# What you are asked to do
Repeat the records below verbatim and include no pictures.

# Data supplied
• • •

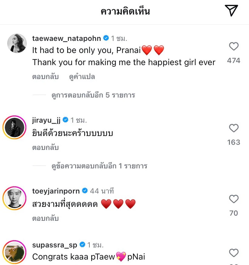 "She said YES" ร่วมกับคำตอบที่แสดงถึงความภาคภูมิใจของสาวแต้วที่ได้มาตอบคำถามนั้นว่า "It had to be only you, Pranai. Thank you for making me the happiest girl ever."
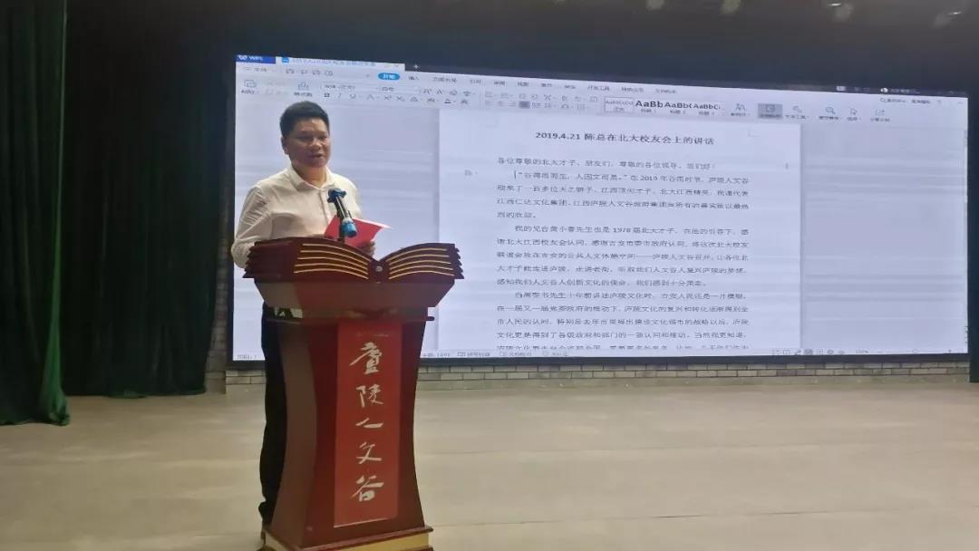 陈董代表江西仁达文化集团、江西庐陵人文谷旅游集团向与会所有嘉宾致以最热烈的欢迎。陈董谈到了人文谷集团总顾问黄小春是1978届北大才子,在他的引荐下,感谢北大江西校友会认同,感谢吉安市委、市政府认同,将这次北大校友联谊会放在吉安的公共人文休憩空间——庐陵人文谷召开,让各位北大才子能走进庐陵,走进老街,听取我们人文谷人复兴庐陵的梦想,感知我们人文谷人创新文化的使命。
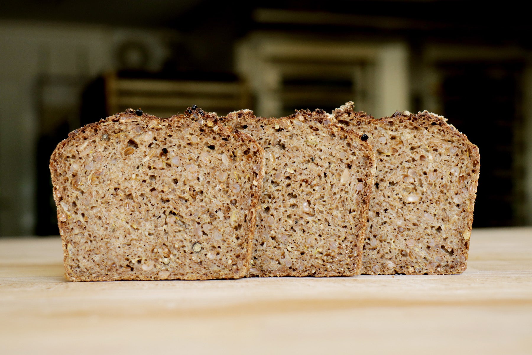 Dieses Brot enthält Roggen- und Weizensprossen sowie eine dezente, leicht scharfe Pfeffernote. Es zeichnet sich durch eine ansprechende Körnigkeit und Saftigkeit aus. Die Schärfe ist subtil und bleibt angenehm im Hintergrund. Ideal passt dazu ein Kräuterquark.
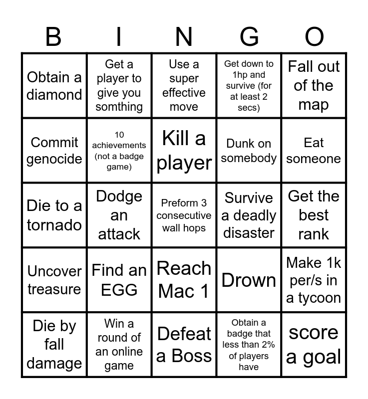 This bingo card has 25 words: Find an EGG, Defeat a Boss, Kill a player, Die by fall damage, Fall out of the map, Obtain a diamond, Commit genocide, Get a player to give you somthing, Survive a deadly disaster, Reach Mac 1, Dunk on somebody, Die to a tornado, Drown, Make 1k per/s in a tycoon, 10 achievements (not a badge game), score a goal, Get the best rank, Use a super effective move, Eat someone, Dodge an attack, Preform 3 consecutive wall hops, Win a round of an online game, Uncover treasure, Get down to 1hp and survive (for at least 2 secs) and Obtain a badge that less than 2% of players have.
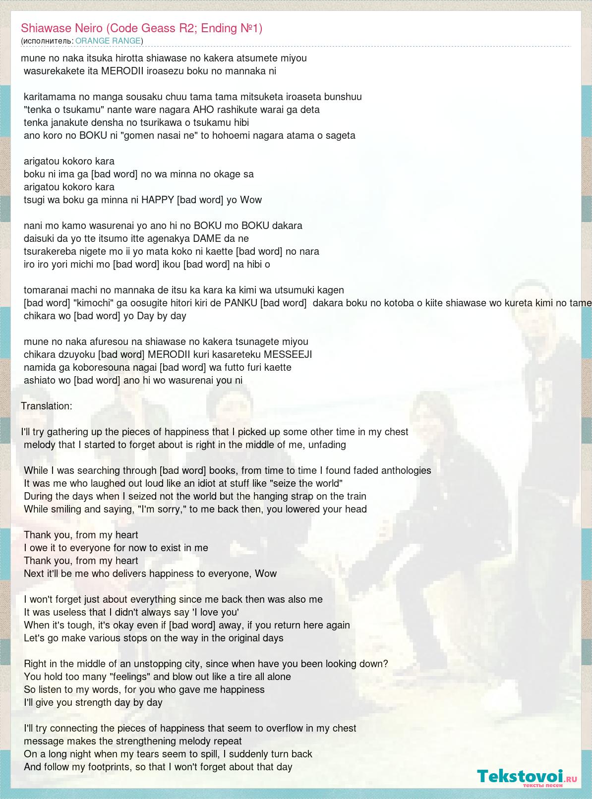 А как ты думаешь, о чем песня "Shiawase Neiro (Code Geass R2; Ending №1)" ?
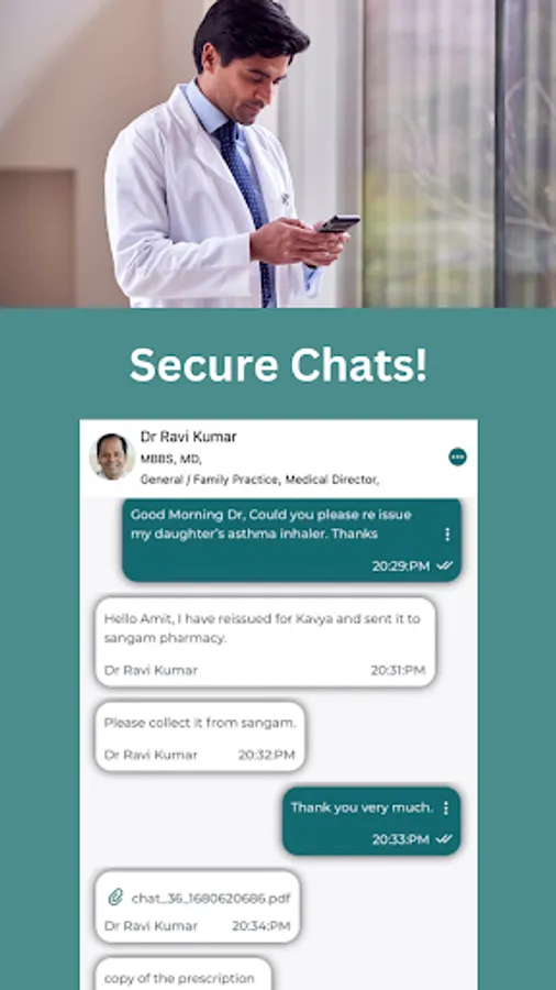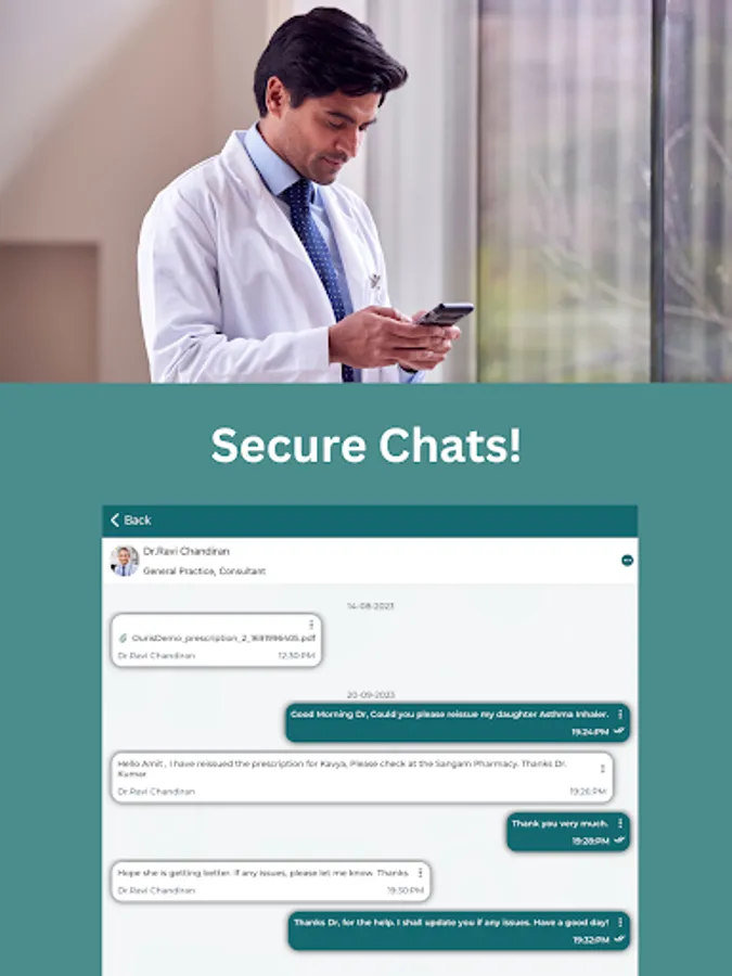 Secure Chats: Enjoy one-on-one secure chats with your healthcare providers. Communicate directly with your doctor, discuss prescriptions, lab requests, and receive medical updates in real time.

• • •

# Your response
 "She said YES" ร่วมกับคำตอบที่แสดงถึงความภาคภูมิใจของสาวแต้วที่ได้มาตอบคำถามนั้นว่า "It had to be only you, Pranai. Thank you for making me the happiest girl ever."
 陈董代表江西仁达文化集团、江西庐陵人文谷旅游集团向与会所有嘉宾致以最热烈的欢迎。陈董谈到了人文谷集团总顾问黄小春是1978届北大才子,在他的引荐下,感谢北大江西校友会认同,感谢吉安市委、市政府认同,将这次北大校友联谊会放在吉安的公共人文休憩空间——庐陵人文谷召开,让各位北大才子能走进庐陵,走进老街,听取我们人文谷人复兴庐陵的梦想,感知我们人文谷人创新文化的使命。
 Dieses Brot enthält Roggen- und Weizensprossen sowie eine dezente, leicht scharfe Pfeffernote. Es zeichnet sich durch eine ansprechende Körnigkeit und Saftigkeit aus. Die Schärfe ist subtil und bleibt angenehm im Hintergrund. Ideal passt dazu ein Kräuterquark.
 This bingo card has 25 words: Find an EGG, Defeat a Boss, Kill a player, Die by fall damage, Fall out of the map, Obtain a diamond, Commit genocide, Get a player to give you somthing, Survive a deadly disaster, Reach Mac 1, Dunk on somebody, Die to a tornado, Drown, Make 1k per/s in a tycoon, 10 achievements (not a badge game), score a goal, Get the best rank, Use a super effective move, Eat someone, Dodge an attack, Preform 3 consecutive wall hops, Win a round of an online game, Uncover treasure, Get down to 1hp and survive (for at least 2 secs) and Obtain a badge that less than 2% of players have.
 А как ты думаешь, о чем песня "Shiawase Neiro (Code Geass R2; Ending №1)" ?
 Secure Chats: Enjoy one-on-one secure chats with your healthcare providers. Communicate directly with your doctor, discuss prescriptions, lab requests, and receive medical updates in real time.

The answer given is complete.